* [Exercise instructions]: Everything below from the line with "El satélite ruso" through the line with "8月12日,据港媒消息,今日" must be retyped exactly, except the pictures.
· · · · ·
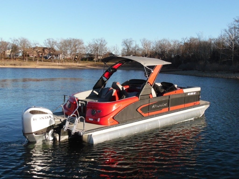 This is a very clean 2023 Manitou 25 XT RFX Tri-toon powered by a Honda 250hp 4-Stroke with only 15 hours. It has a matching tandem axle trailer and is loaded with options that include:
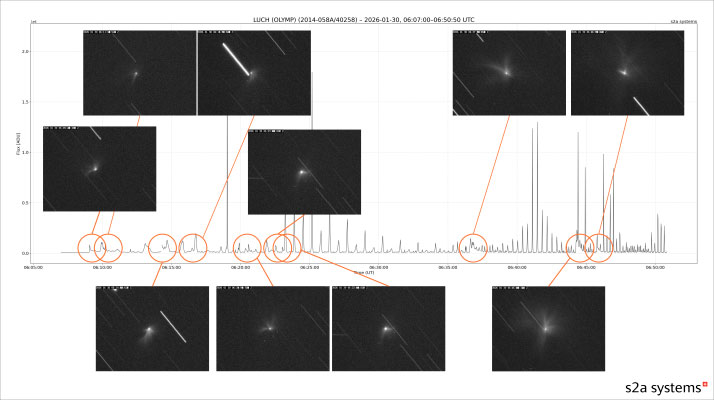 El satélite ruso Luch, también conocido como Olymp y catalogado como objeto 40258, mostró señales claras de fragmentación mientras estaba en una “órbita cementerio”, una órbita más alta usada para retirar satélites de la zona operativa geostacionaria. La secuencia fue registrada por redes de observación comercial: s2a systems reportó el inicio del evento a las 06:09:03 UTC del 30 de enero de 2026, seguido por la aparición de objetos cercanos y un aumento de giro del cuerpo principal. En sus imágenes se aprecia el rastro del satélite y puntos adicionales compatibles con fragmentos, lo que indica una ruptura con eyección de material. Este tipo de episodios en órbita alta es menos frecuente que en LEO, pero cuando ocurre complica la seguridad de un vecindario orbital del que dependen comunicaciones, meteorología y servicios críticos.
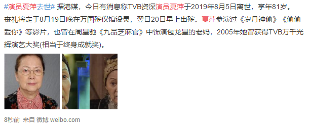 8月12日,据港媒消息,今日有消息称资深演员夏萍(原名卢少萍)于2019年8月5日离世,享年81岁。
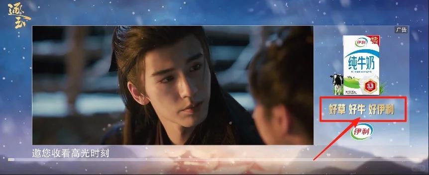 此外,伊利还借势此前热度高涨的影视剧《逐玉》,通过广告植入实现了一次典型的内容出圈营销。
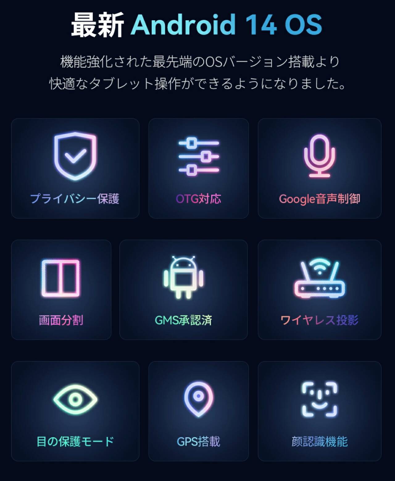 ▼(当時は)最新のAndroid 14を搭載しているという意味なのだろうか。ちな執筆時点だとAndroid 16が現行で17の足音も近づいている状況である。↓
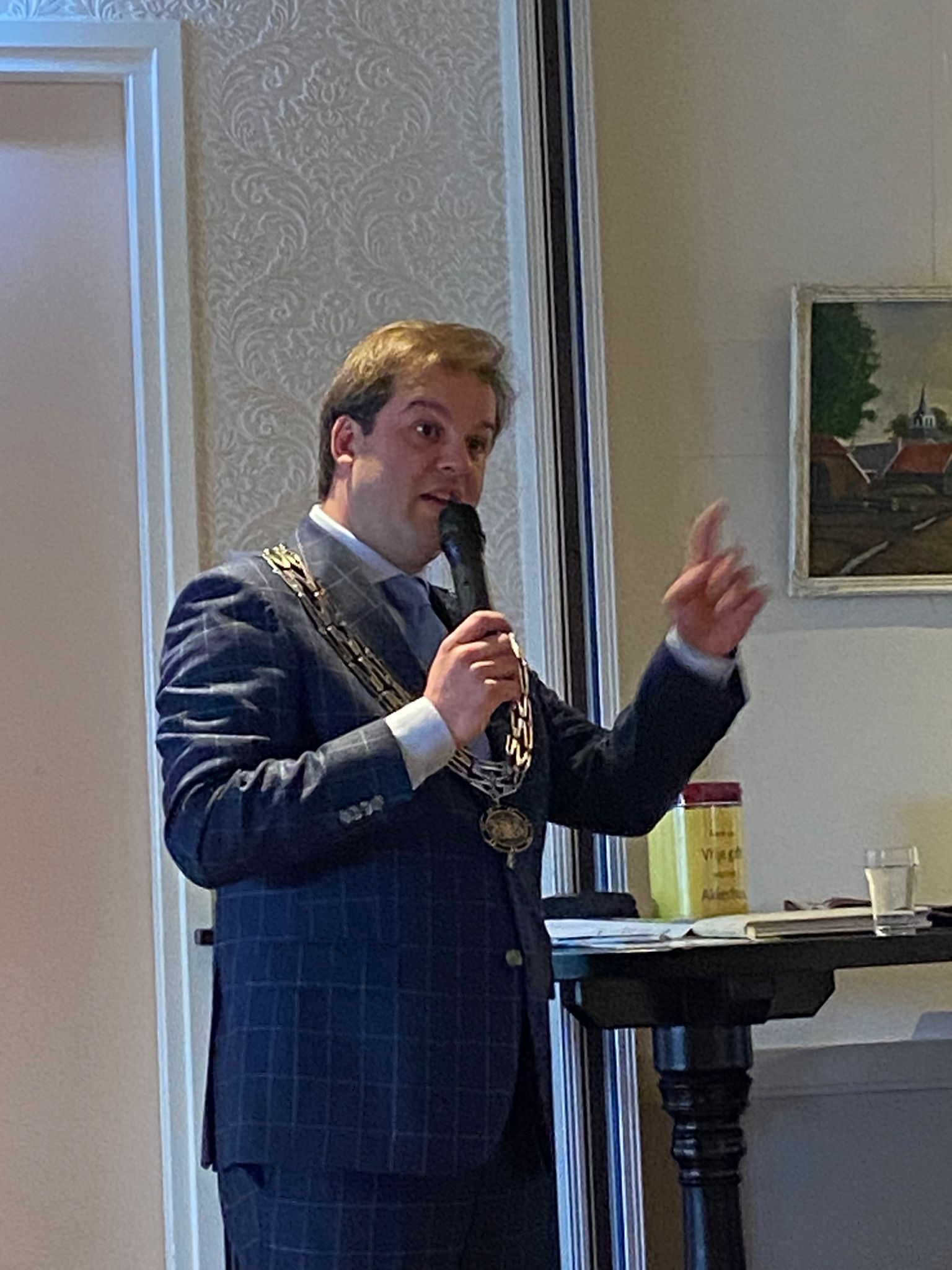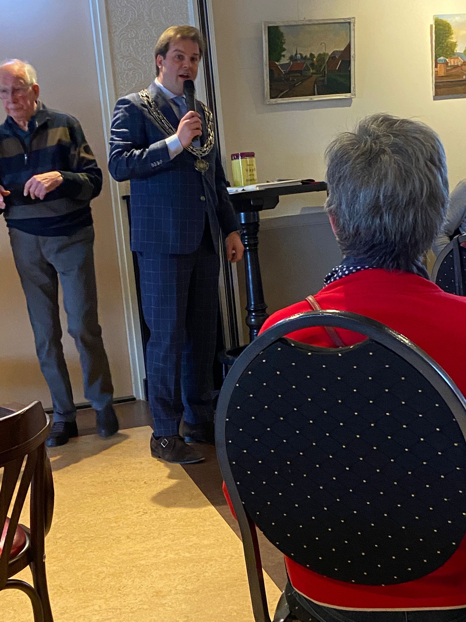 Hij werd hartelijk welkom geheten door Volkert Boertjes die hem een kleine uitleg gaf wat ons Akkerhus zoal doet.
· · · · ·
* [Your solution]:
 El satélite ruso Luch, también conocido como Olymp y catalogado como objeto 40258, mostró señales claras de fragmentación mientras estaba en una “órbita cementerio”, una órbita más alta usada para retirar satélites de la zona operativa geostacionaria. La secuencia fue registrada por redes de observación comercial: s2a systems reportó el inicio del evento a las 06:09:03 UTC del 30 de enero de 2026, seguido por la aparición de objetos cercanos y un aumento de giro del cuerpo principal. En sus imágenes se aprecia el rastro del satélite y puntos adicionales compatibles con fragmentos, lo que indica una ruptura con eyección de material. Este tipo de episodios en órbita alta es menos frecuente que en LEO, pero cuando ocurre complica la seguridad de un vecindario orbital del que dependen comunicaciones, meteorología y servicios críticos.
 8月12日,据港媒消息,今日有消息称资深演员夏萍(原名卢少萍)于2019年8月5日离世,享年81岁。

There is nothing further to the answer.